» Source data:

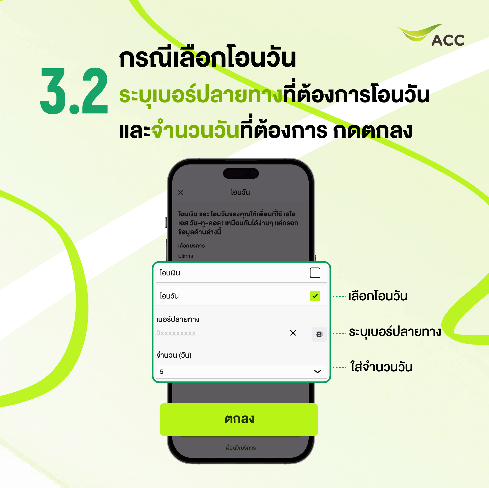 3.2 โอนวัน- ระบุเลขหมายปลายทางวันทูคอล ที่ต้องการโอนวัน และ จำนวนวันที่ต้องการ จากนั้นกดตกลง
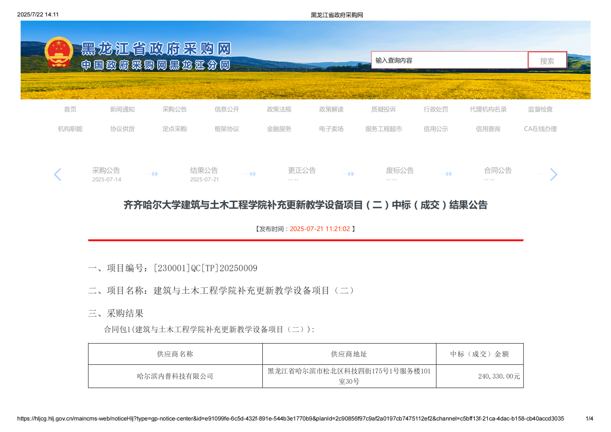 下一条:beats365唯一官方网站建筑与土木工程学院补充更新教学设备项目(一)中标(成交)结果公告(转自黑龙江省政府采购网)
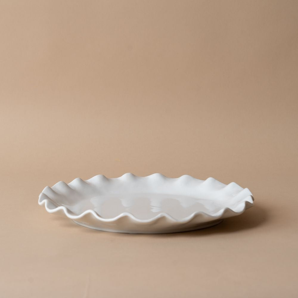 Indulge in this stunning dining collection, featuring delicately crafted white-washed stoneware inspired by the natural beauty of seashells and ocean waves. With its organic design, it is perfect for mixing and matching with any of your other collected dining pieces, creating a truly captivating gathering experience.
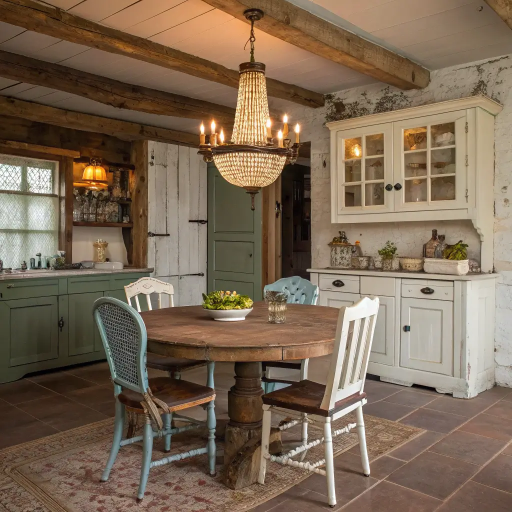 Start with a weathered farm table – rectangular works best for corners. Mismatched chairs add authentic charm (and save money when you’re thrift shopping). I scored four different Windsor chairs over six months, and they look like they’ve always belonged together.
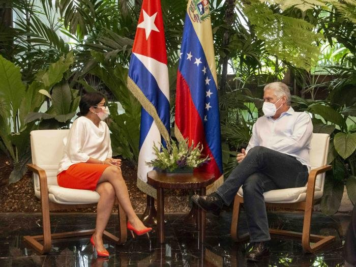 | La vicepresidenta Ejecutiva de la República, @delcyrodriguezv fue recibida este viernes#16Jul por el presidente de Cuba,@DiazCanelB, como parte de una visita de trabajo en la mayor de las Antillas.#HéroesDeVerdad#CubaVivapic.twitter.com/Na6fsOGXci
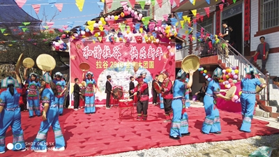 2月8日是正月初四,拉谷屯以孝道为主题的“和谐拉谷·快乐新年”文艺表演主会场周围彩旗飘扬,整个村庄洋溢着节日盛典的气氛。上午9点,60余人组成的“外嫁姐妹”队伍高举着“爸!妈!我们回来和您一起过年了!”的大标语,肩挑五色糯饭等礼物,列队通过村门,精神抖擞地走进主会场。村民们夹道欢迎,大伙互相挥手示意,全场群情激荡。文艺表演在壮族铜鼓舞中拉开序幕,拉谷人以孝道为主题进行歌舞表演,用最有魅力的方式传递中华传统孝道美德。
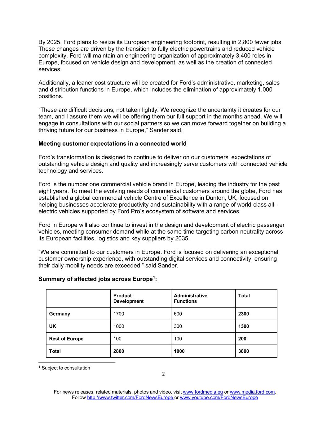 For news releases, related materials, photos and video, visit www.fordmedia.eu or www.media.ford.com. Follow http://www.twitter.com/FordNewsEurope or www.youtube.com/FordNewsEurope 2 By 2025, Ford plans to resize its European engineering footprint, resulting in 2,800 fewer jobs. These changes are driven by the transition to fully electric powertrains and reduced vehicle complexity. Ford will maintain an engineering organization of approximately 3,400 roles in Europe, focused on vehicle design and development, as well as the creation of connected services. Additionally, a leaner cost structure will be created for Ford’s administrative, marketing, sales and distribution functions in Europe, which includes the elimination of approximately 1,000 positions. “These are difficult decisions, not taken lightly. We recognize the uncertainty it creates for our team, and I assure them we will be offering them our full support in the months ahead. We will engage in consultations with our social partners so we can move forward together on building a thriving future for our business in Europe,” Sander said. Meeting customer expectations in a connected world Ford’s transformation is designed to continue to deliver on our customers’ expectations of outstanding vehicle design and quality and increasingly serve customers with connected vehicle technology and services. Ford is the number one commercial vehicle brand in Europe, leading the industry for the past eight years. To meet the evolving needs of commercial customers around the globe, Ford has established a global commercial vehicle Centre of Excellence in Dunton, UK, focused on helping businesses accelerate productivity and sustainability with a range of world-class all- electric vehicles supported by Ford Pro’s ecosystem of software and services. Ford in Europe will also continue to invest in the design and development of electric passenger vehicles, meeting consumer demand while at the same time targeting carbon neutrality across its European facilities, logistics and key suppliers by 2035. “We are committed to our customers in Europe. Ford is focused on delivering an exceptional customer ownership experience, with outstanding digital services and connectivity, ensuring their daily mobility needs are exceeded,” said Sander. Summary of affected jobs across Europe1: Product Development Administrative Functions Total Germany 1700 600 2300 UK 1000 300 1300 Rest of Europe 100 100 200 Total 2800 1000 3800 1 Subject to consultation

» Work request:
Your answer must be an exact copy of the lines from the start of the entries through the line with "Start with a", with no pictures.

» Response for this exercise:
 3.2 โอนวัน- ระบุเลขหมายปลายทางวันทูคอล ที่ต้องการโอนวัน และ จำนวนวันที่ต้องการ จากนั้นกดตกลง
 下一条:beats365唯一官方网站建筑与土木工程学院补充更新教学设备项目(一)中标(成交)结果公告(转自黑龙江省政府采购网)
 Indulge in this stunning dining collection, featuring delicately crafted white-washed stoneware inspired by the natural beauty of seashells and ocean waves. With its organic design, it is perfect for mixing and matching with any of your other collected dining pieces, creating a truly captivating gathering experience.
 Start with a weathered farm table – rectangular works best for corners. Mismatched chairs add authentic charm (and save money when you’re thrift shopping). I scored four different Windsor chairs over six months, and they look like they’ve always belonged together.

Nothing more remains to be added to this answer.